You know how women sometimes say I'm not a feminist but... ? Well I am a feminist (though by no means a man hater!) and...when I recently took myself for a wee trawl through the websites of various high profile Scottish publishers, my first instinct was to wonder if my own prejudices were showing. Then I spoke to a few female writers (and potential readers) of my acquaintance and decided that I was right after all. We've all noticed it. Scottish publishing is, on the whole, a depressingly male dominated world, full of books (fact and fiction) about football and serial killers. I haven't actually counted the ratio of male to female authors, but even the most casual glance will show that the guys predominate. Moreover, even the crap is, let's face it, macho crap. The exception could be so called 'serious' fiction, but I'm not even sure about that. Most Scottish publishers will look much more kindly upon 'visceral coming of age novels' from young male writers, which they are happy to label as literary, than they will upon 'emotional coming of age novels' from young female writers which they will all too often dismiss out of hand as a kind of guilty pleasure. What hope then for the experienced female or even male storyteller, creating a well written, well researched, popular novel, possibly with a Scottish setting, of the kind that so many woman, and some men too, so desperately want to read?
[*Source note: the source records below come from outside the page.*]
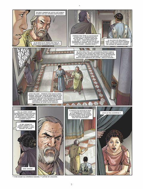 Un album pour la reine des reinesPersonnage iconique, presque légendaire, Cléopâtre est vue dans cet album à travers un point de vue inédit. Mal connue, cette reine, à l'intelligence hors du commun, érudite, charismatique, et d'origine grecque est l'un des pharaons les plus avisés de la fin de l'empire ptolémaïque. Son but avant tout est de restituer la gloire passée de l'empire égyptien, et pour cela elle doit impérativement composer avec Rome. Car la reine d'Egypte est également victime de la propagande romaine. Elle est haïe par les Romains surtout les Romaines ! pour deux principales raisons : tout d'abord, c'est une monarque riche et puissante, alors qu'à Rome, la république est chérie et les rois vus comme des tyrans. Puis, c'est une femme libre, autrement dit, une femme qui jouit de libertés interdites aux romaines : elle peut vivre seule, posséder des propriétés, hériter ou divorcer... tout ce qu'une romaine ne peut pas être.Pour la première fois, cette BD tient compte des deux faisceaux historiques (romains et égyptiens) pour tenter de raconter le véritable personnage derrière l'icône. Une femme forte qui fut une actrice fondamentale de l'histoire de l'Égypte mais aussi, de manière indirecte, de la chute de la République romaine.
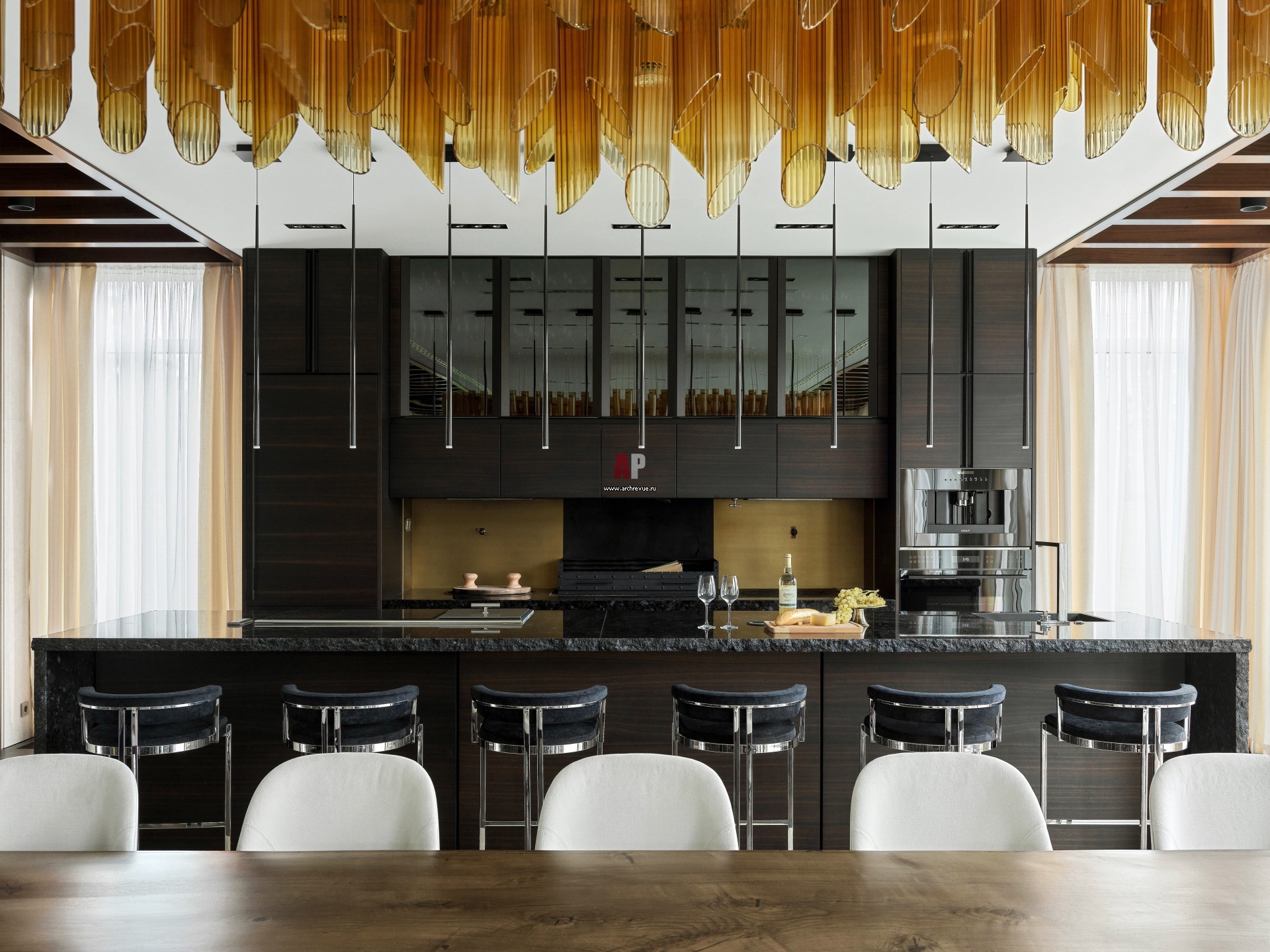 Эпатажный гостевой дом для ивентов и приемов. Интерьер кухни.
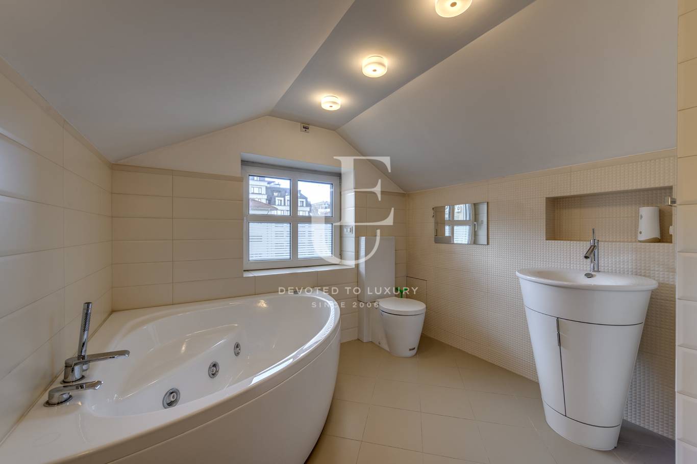 The apartment occupies the third and top floor of an aristocratic, beautiful building. It is the only residence on the floor, well laid out, bright, with excellently utilized spaces. There are only slight sloped ceilings in the bedrooms, compensated by greater height in the central parts of the rooms. Heating is provided by air conditioners and electric radiators. The entrance is beautifully renovated with controlled access.
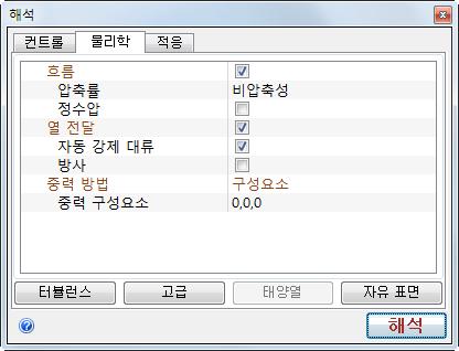 참고: 자동 강제 대류를 사용하면 해석은 두 단계로 자동 실행됩니다. 첫 번째 단계는 흐름 전용(열 전달 없음)입니다. 두 번째 단계는 열 전달 전용으로 해석을 진행한 다음 최대 100번 반복을 추가로 실행합니다.
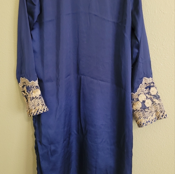 sillk qameez with beautiful golden threadwork on front side n on slevves too,sooo beautiful n elegant looking kurta,,
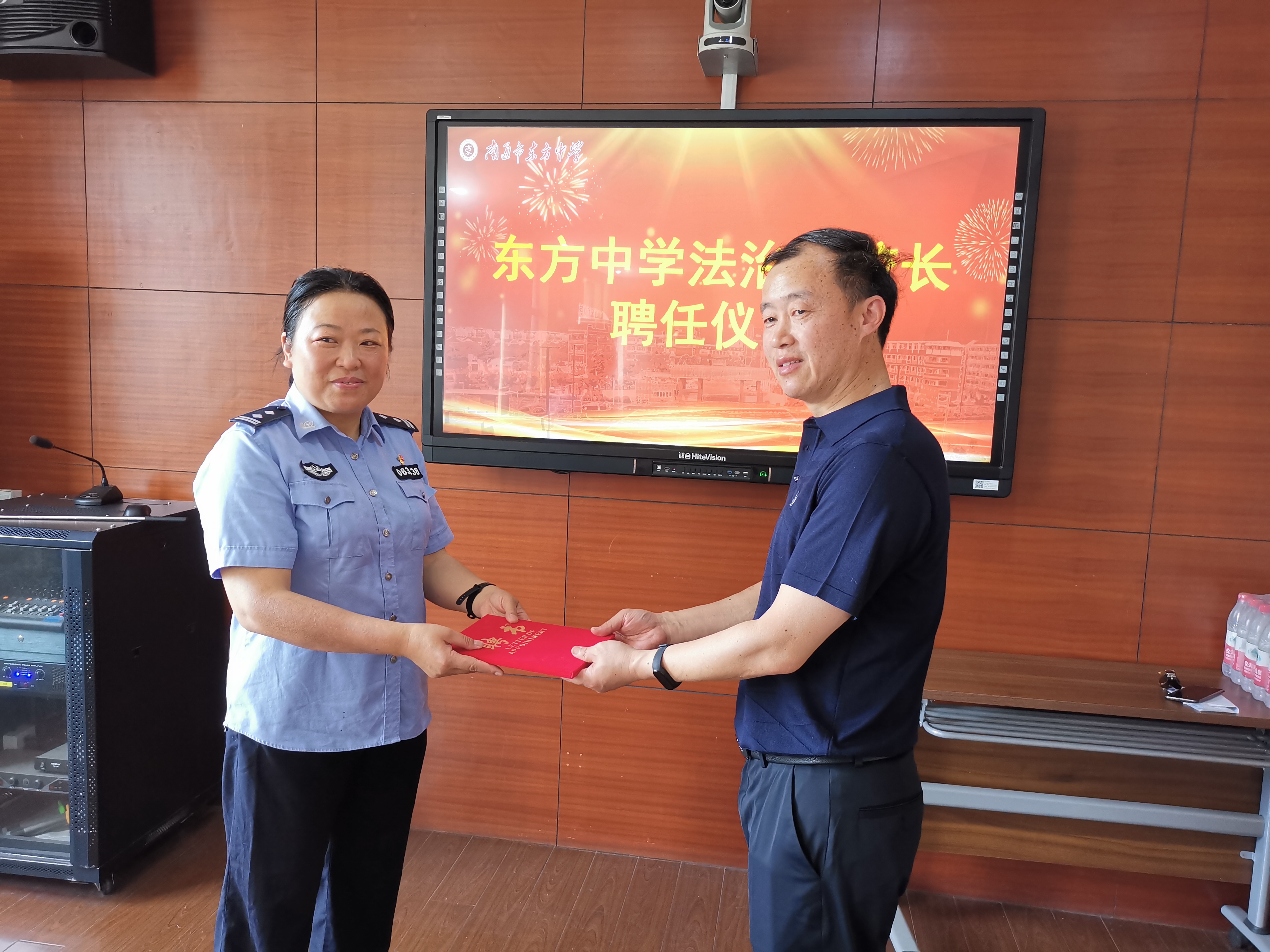 活动结束后,陈黎明副校长为汪美莲警官颁发了新一期聘书
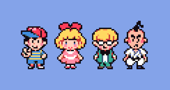 Mother 2's party in the style of Mother 4 #MOTHER2 #EarthBound #pixelart
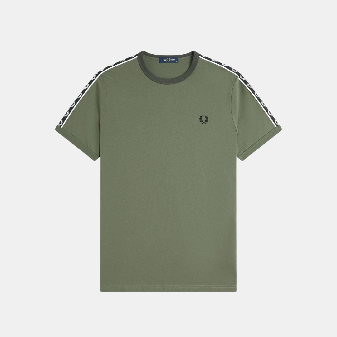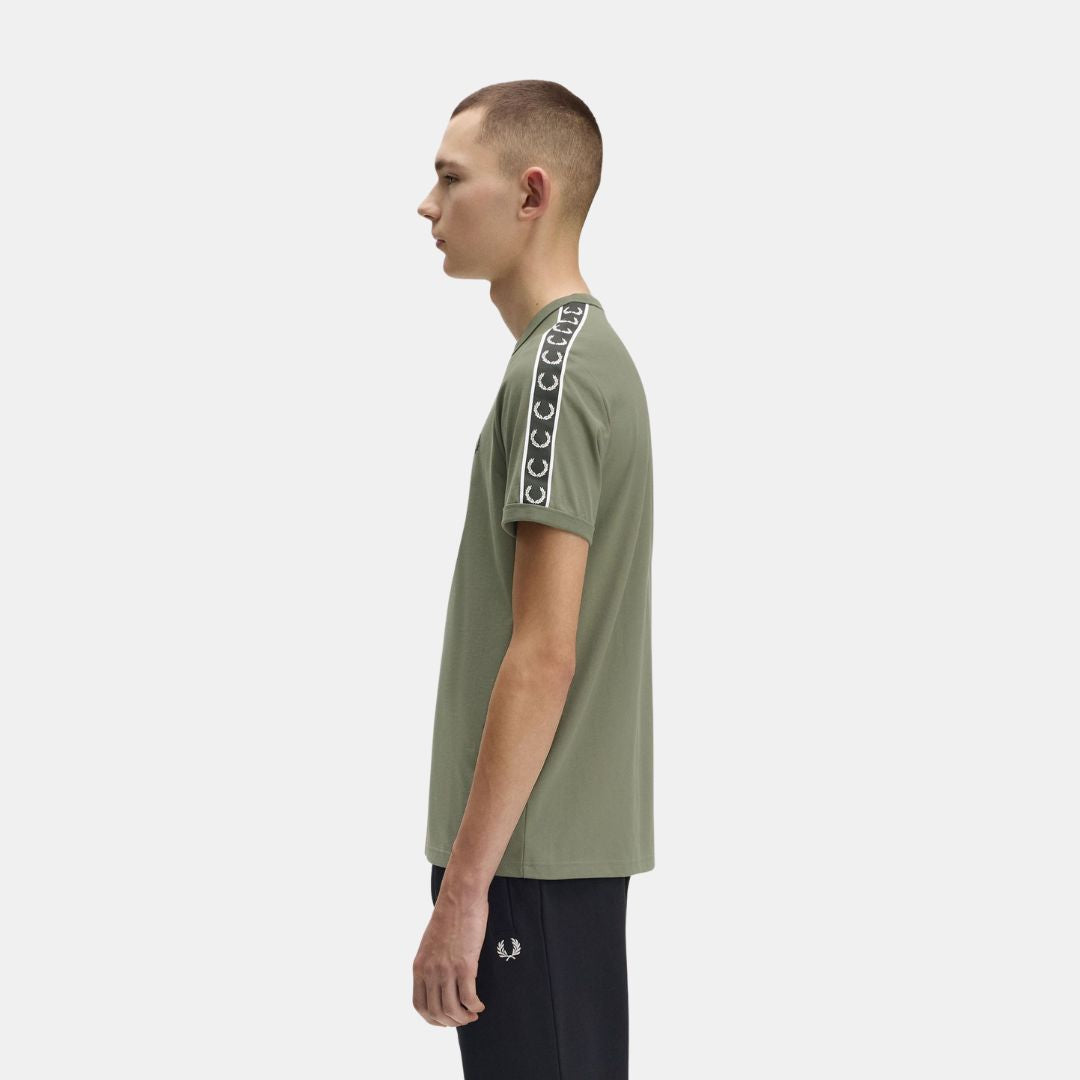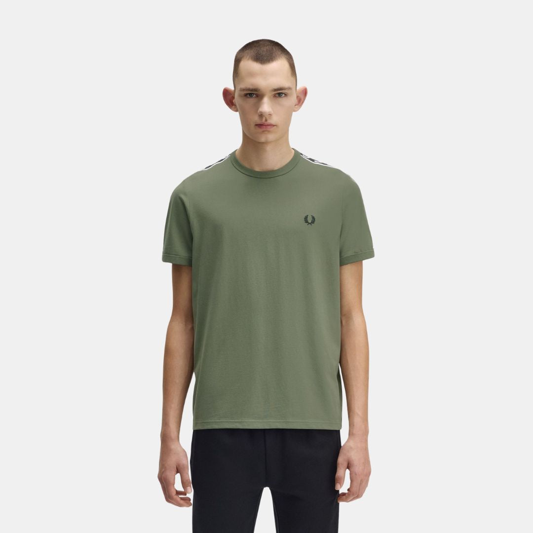 Fred Perry T-Shirt Contrast Ringer Olive & Anchor Grey
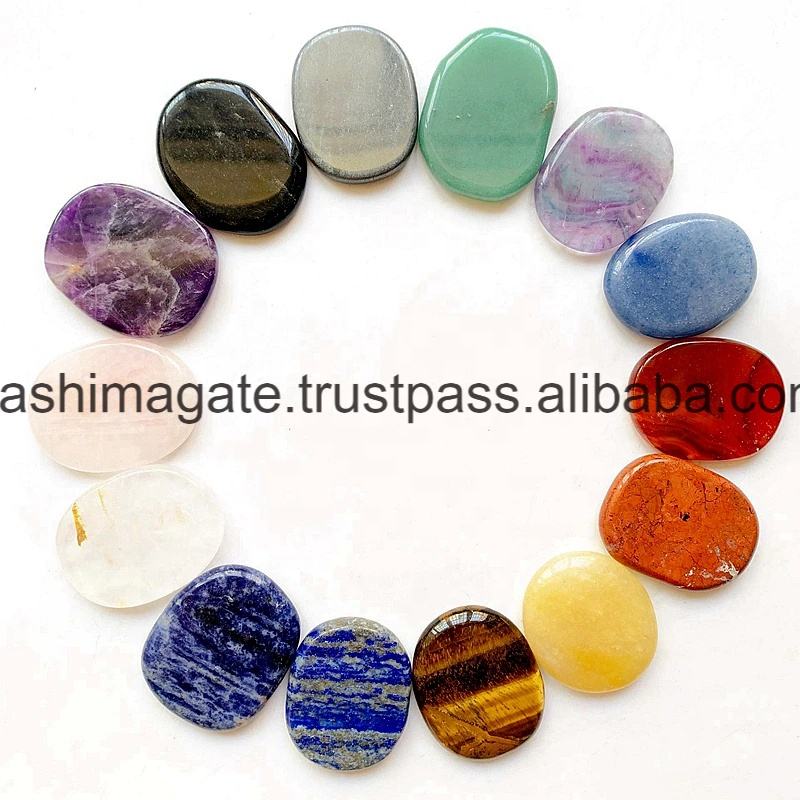 14-Piece Chakra Stones Set Natural Flat Back Crystals for Spiritual Healing & Meditation Gemstone Figurines Feng Shui Home Decor
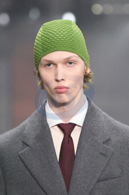 Prada Model On Catwalk, Men, Milan Fashion Week 2024 Man Ready To Wear For Fall Winter, Defile, Fashion Show Runway Collection, Pret A Porter, Modelwear, Modeschau, Man, Laufsteg Hebet Winter Autumn Italycloseup, accessories, details, face, hair, eyes catwalk fashion outlook beauty runway menMILMFW24, Credit:www.fashionpps.com / Avalon
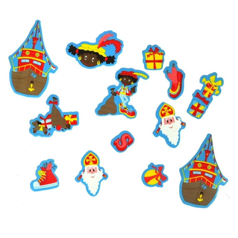 Sinterklaas and Zwarte Piet foam stickers in many different shapes and sizes. These stickers are fun for a coloring page, ticket, your room and much more.
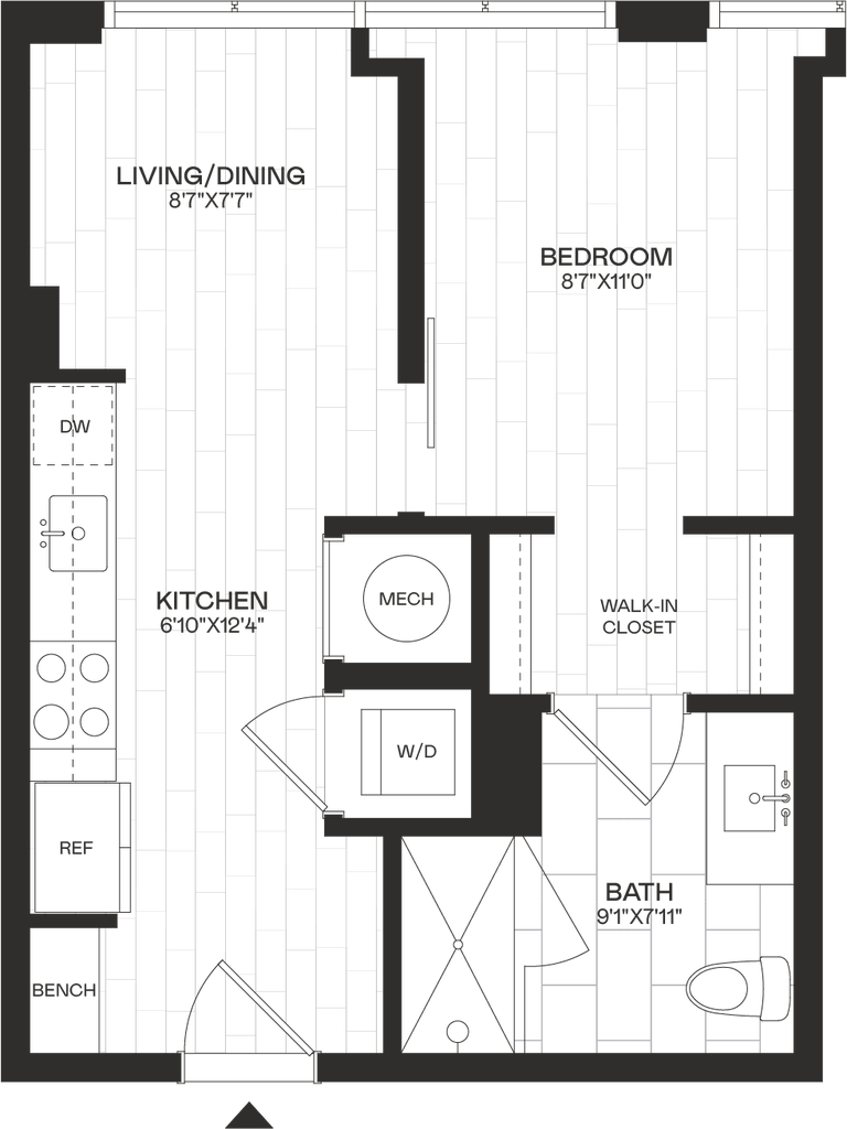 Estudio, 1 Baño, 498 pies²Disponible AhoraGalería del Modelo

Is there no woman or man out there, who would be prepared to set up a Scottish based publishing house, dealing in good, popular fiction, historical or contemporary, that is neither visceral, nor provocative, nor overly dark but unashamedly popular, and with an emotional depths. Come to think of it, whenever I see something described as 'provocative', I know with a fair amount of certainty that the only thing it is going to provoke is boredom, and a desperate desire to open a bottle of wine, but adolescent shock tactics do tend to pall after a while. Film gets it right lots of the time, and the companies seem to have no trouble marketing the movies either.
As another hugely talented Scottish writer remarked recently, were Robert Louis Stevenson around today, his novels would almost certainly be rejected out of hand by every single contemporary Scottish publisher. And she's absolutely right. Kidnapped? Treasure Island? Way too popular - wouldn't suit their image. Catriona? But isn't it the story of love triumphing over politices and doesn't it feature an astonishingly sexy reference to stockings? Whooo, can't possibly publish the genre that dare not speak its name. (romance) The same goes for a number of other Scottish writers. Grassic Gibbon? Domestic violence in a rural setting. You must be joking. Neil Gunn? Emotion, poetry and mythology? What on earth next? Mrs Oliphant? Middle class ghost stories, difficult to sell in the current market.....
I do wish that some brave soul out there would bite the bullet and start a Scottish imprint that wasn't so deeply, pathologically, cringingly ashamed of its feminine side. Go on. Try it. You have nothing to lose but your prejudices.